Let’s review Treasury yields since the Fed’s November 3rd press release announcing the strategy popularly known as QE2:
To promote a stronger pace of economic recovery and to help ensure that inflation, over time, is at levels consistent with its mandate, the Committee decided today to expand its holdings of securities. The Committee will maintain its existing policy of reinvesting principal payments from its securities holdings. In addition, the Committee intends to purchase a further $600 billion of longer-term Treasury securities by the end of the second quarter of 2011, a pace of about $75 billion per month. [see complete text]
Because the press release was published at 2:15 EST, I’ve set the review start date for the following day. The first chart overlays two yield-curve snapshots: November 4th and the most recent market day, November 19th.

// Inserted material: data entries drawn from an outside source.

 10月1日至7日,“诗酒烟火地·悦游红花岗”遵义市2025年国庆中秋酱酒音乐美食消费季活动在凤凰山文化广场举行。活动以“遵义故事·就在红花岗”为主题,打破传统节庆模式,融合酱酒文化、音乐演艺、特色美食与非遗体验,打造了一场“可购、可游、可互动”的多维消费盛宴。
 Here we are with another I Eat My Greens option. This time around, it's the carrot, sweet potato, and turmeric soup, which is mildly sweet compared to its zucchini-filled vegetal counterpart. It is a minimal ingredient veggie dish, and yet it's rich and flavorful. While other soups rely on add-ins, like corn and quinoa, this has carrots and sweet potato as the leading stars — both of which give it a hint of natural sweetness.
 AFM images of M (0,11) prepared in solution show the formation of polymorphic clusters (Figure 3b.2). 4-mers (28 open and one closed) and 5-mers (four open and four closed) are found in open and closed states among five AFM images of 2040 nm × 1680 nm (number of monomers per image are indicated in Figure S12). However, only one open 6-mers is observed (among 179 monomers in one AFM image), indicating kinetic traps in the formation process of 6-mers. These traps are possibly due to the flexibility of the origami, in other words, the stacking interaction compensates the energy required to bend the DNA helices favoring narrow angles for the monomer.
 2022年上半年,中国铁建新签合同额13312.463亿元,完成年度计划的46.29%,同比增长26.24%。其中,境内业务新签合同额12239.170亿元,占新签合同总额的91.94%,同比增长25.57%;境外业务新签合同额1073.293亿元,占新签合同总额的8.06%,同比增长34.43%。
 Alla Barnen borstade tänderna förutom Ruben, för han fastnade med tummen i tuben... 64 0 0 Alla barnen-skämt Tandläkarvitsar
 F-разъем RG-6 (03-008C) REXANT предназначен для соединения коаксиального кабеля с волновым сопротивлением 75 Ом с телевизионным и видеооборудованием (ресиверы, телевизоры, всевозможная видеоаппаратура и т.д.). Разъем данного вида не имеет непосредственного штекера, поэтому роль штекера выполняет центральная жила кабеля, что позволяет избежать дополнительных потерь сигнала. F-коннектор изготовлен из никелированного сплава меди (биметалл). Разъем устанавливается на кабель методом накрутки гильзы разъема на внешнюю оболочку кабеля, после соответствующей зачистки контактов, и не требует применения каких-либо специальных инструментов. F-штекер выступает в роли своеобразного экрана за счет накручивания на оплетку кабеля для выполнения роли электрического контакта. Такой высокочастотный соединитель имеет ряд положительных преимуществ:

The curve has steepened over the past 10 trading sessions, with disproportionately greater yield increases in the middle of the curve.

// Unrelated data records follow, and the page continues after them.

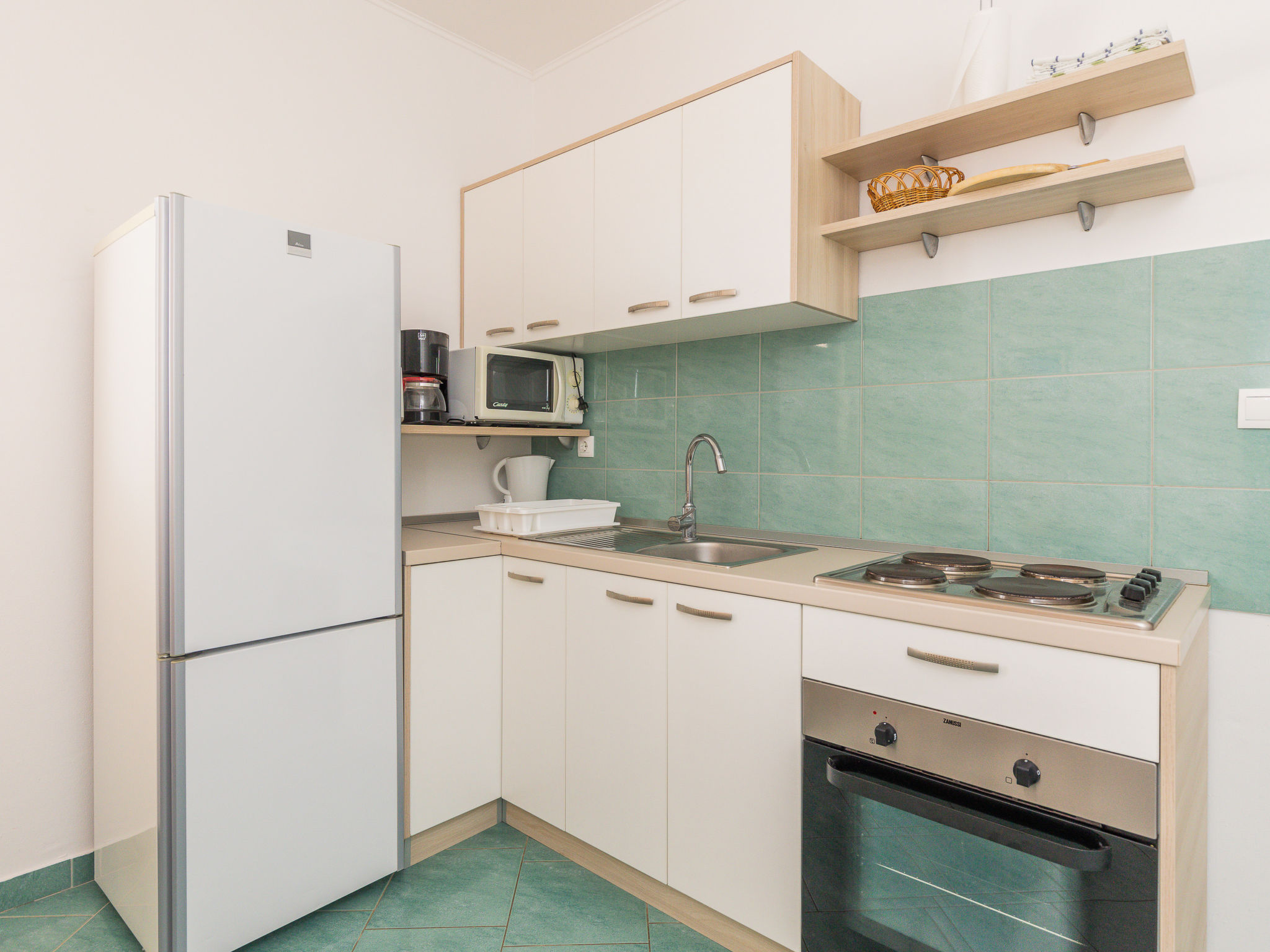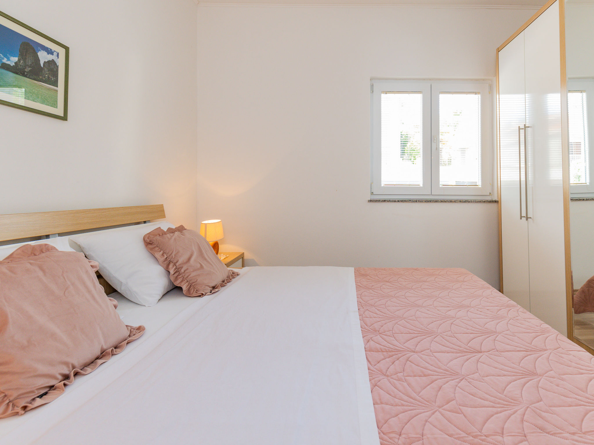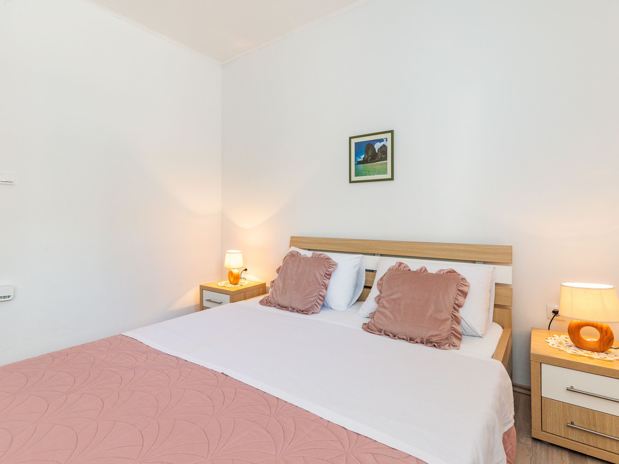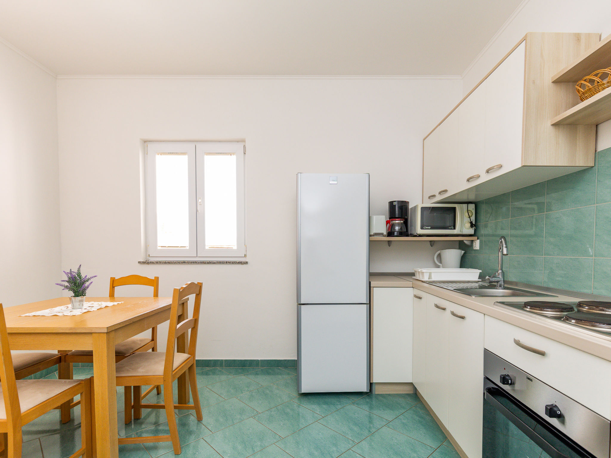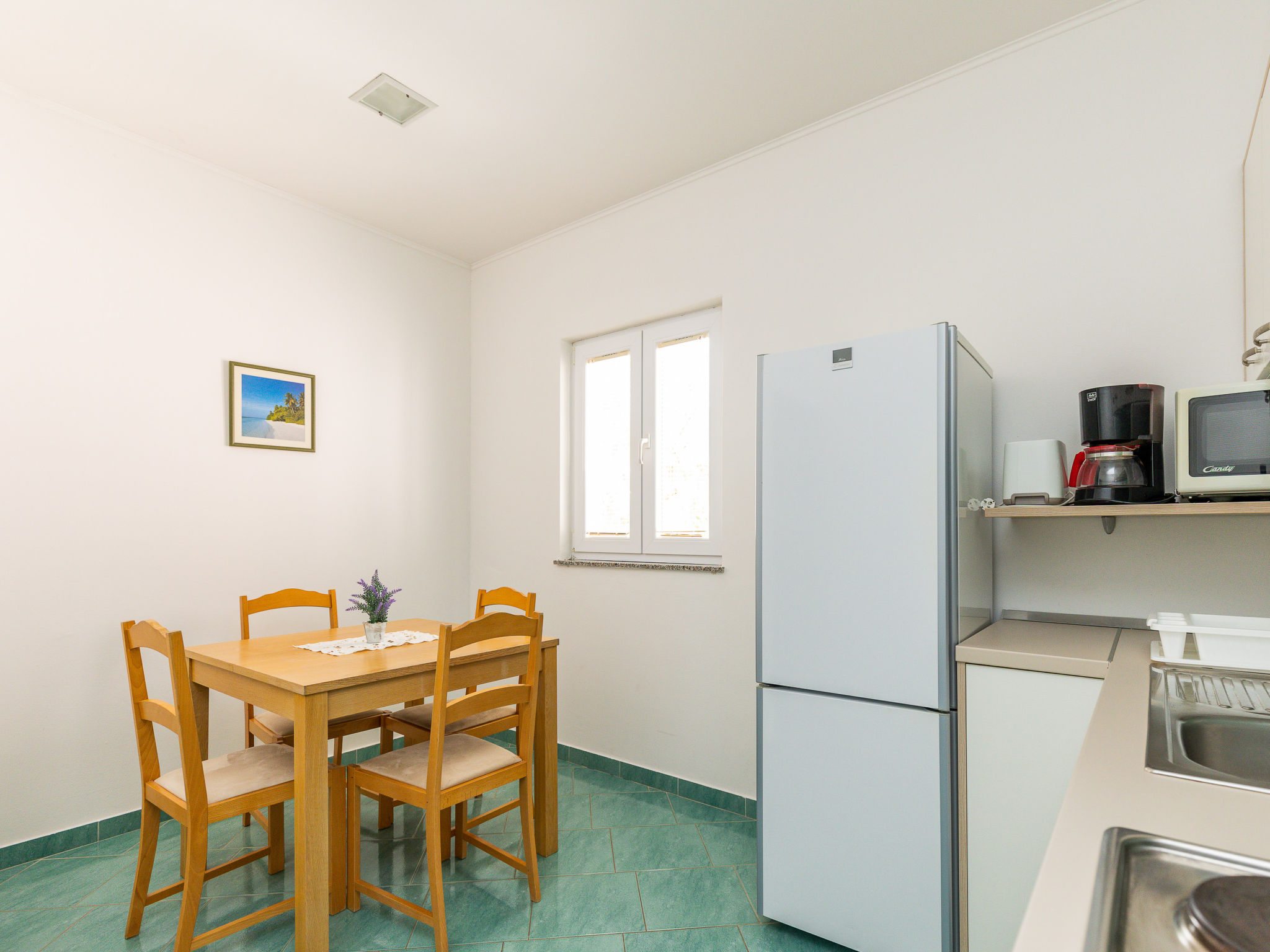 "Maja (SRD422)", 2-Zimmer-Wohnung 40 m2 im 1. Stock. Wohn-/Esszimmer mit 1 Doppeldiwanbett (155 cm, Länge 190 cm), Sat-TV und Klimaanlage. Ausgang zum Balkon. 1 Zimmer mit 1 Doppelbett (160 cm, Länge 200 cm). Offene Küche (4 Kochplatten, Backofen, Toaster, Wasserkocher, Mikrowelle, Tiefkühler, elektrische Kaffeemaschine). Dusche/WC. E-Heizung. Balkon 6 m2. Balkonmöbel. Sicht auf das Meer. Zur Verfügung: Waschmaschine. Internet (Wireless LAN, gratis). Bitte beachten: Nichtraucher-Haus. Eigener Eingang.
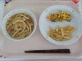 本日の給食は、きつねうどん・青のりポテト・野菜の梅ドレッシング・牛乳です。 食...
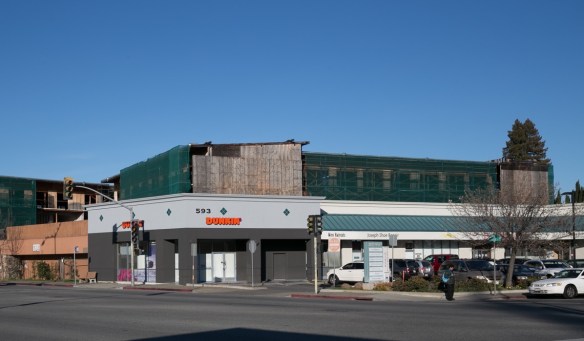 The above is an older picture showing what was on the site. Go by there today, however, and it looks very different. That small two-story office building (which sits right next to Redwood City’s Smart & Final store) is now completely gone. This is an essential early step in the Broadway Plaza project, since the CVS drug store on the main site will remain open for business until they can move across to their new location. And that means that although the three residential buildings that will make up part of the Broadway Plaza project can begin construction just as soon as any needed soil remediation has been completed, the three office buildings will have to wait until CVS has moved. Thus, the removal of this office building is the first in a sequence of steps that will result in the three new office buildings being built behind the Denny’s and Jack in the Box restaurants located at the corner of Broadway and Woodside Road.

The next chart shows how dramatic the increases have been for such a short period of time, especially during the first six sessions. As of November 15th, the 2-year had increased by 60.6%, the 3-year by 80%, and the 50-year by 45.2%. Over the past week the yield changes have been mixed, with the 5- and 7-year increasing slightly, the 2-, 3-, 10- and 30-year declining a bit. The 3-month oscillated higher but finished the week flat.
It’s too soon to draw any firm conclusions about the effectiveness of the new round of Fed Treasury purchases. Part of the problem is the potential conflict between promoting economic recovery and tweaking core inflation. Consider:
- If the strategy is to increase the spread, then the early results are positive, especially for the middle maturities.
- If the strategy is to reduce rates across the board to stimulate the economy, the early results are disturbing. In fact, the dramatic increase in the 3-year yield over the timeframe in our snapshot is unprecedented in the 3-year Treasury data back to 1962.
QE2 is a gambit. At face value, we must assume that speeding the recovery and increasing core inflation to a hypothetical target rate are the true motives. The Fed says as much, and the concern of the sole dissenter, Thomas Hoenig about long-term inflation risks, reinforces this view. On the other hand, blog commentators have speculated on a range of ulterior prime motives — ranging from bank bailouts to funding Uncle Sam with interest-free loans, etc.
We are in the early days of an innovative Fed program initially planned to extend through Q2 of 2011, but with regular reviews and adjustments. Much could change, not least of which is the behaviour of foreign purchasers of Treasuries. Significant cuts in future purchases could be a game-changer.
Treasury yields will merit close attention for the foreseeable future.